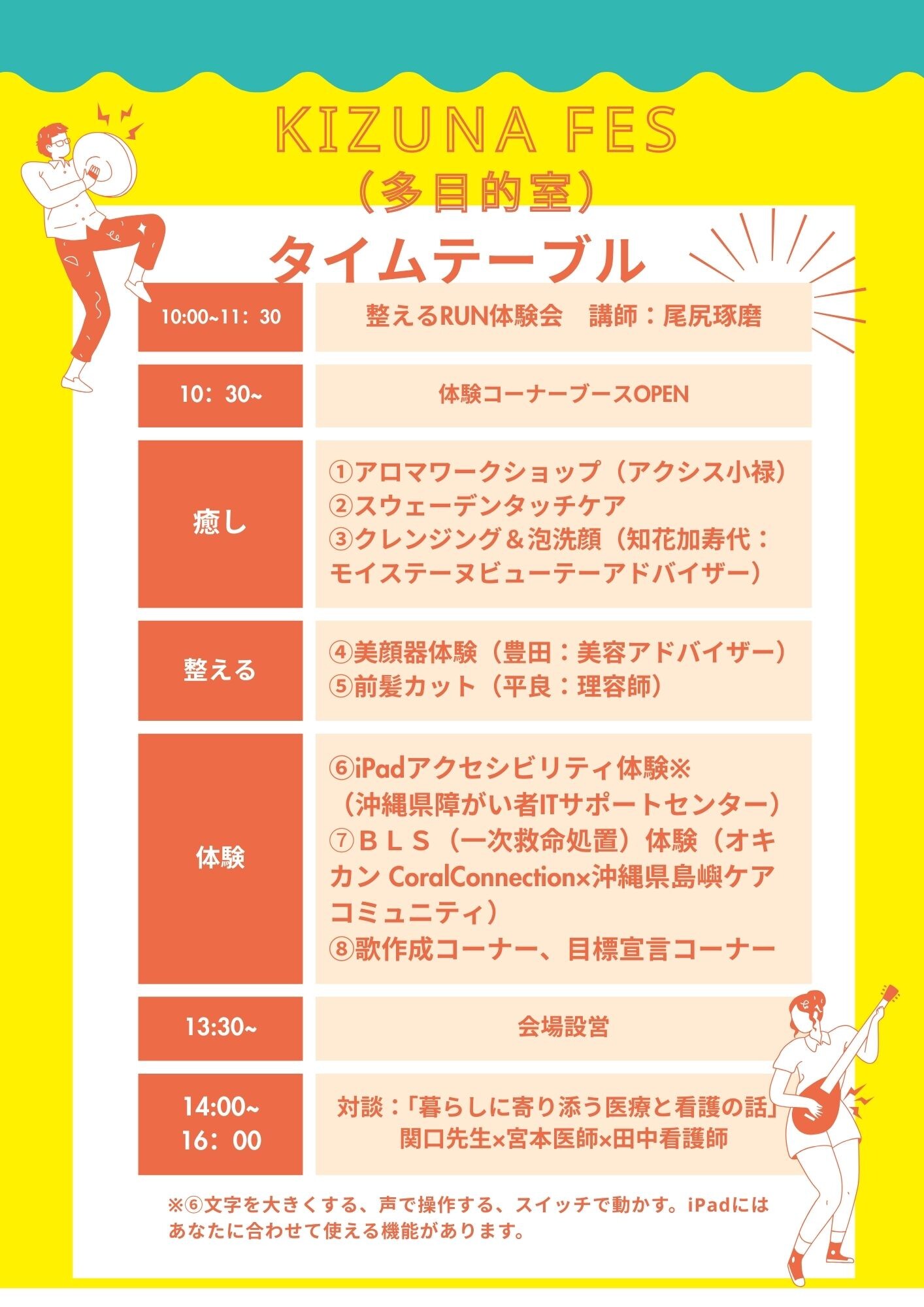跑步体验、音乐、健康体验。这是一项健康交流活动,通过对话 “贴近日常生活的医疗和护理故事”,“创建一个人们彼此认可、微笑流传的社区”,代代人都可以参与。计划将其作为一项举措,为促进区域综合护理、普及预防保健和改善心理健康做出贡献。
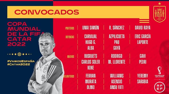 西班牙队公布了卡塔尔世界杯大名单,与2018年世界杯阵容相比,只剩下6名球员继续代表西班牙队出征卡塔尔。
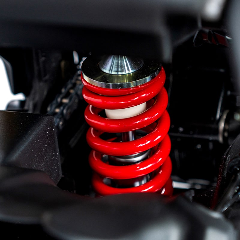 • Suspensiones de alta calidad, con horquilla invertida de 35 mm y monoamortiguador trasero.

* Exercise
Return the data exactly. Pictures stay out.

* Solution to this exercise
跑步体验、音乐、健康体验。这是一项健康交流活动,通过对话 “贴近日常生活的医疗和护理故事”,“创建一个人们彼此认可、微笑流传的社区”,代代人都可以参与。计划将其作为一项举措,为促进区域综合护理、普及预防保健和改善心理健康做出贡献。
 西班牙队公布了卡塔尔世界杯大名单,与2018年世界杯阵容相比,只剩下6名球员继续代表西班牙队出征卡塔尔。
 • Suspensiones de alta calidad, con horquilla invertida de 35 mm y monoamortiguador trasero.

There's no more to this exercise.